Wow! Xtriggerman, you sure have the smithing credentials. If the offer still stands, would you be available this Wednesday? If so, and Westwind Mike is available on Wednesday, we might just head up your way. I'm thinking that we'd be leaving Murfreesboro around 9AM and guessing it'd take about an hour to an hour and a half to get to your place... which should put us there around 10:30, Murfreesboro time (CST). I know that's pretty close to lunch time, so I'd be glad to stop and pick up us up lunch from some place on the way. We can exchange phone numbers through a PM to smooth out final plans. I got the new pins in today along with the mag rear retainer spring and two new screws to hold the spring, just in case they're needed.

 

Thanks

Posted
On 8/16/2016 at 10:52 AM, xtriggerman said:

PM sent

I'd like to publicly thank xtriggerman for his help in resolving this problem for me. I'm not sure how much he'd like me to say, so I don't want to violate any understanding with him. I guess I can say this, as he listed his credentials in an earlier post. I have never seen a more skillful artisan in the area of gunsmithing in my life...and I'm no spring chicken.

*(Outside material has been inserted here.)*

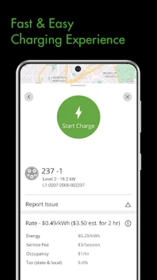 Monitor real-time information during a charging session and view details about the charging session including occupancy time, estimated charge session cost, charging stations information, energy delivered, and current vehicle charging speed.

I'm very thankful for the help he gave me, and our new friendship. We, here on TGO, are fortunate to have such a highly qualified, experienced, and knowledgeable member in our midst. Thank you again, xtriggerman, you're the best!

  • Like 1
  • 7 years later...
Posted

Not sure if anyone here can help but it's worth a shot. I'm trying to install a new magazine retainer spring (part 24 on numrich diagram) on my 342 .22hornet. I was able to get the old one out without removing the trigger bracket (part 22 on numrich diagram). Do I need to remove this to install the new retainer spring?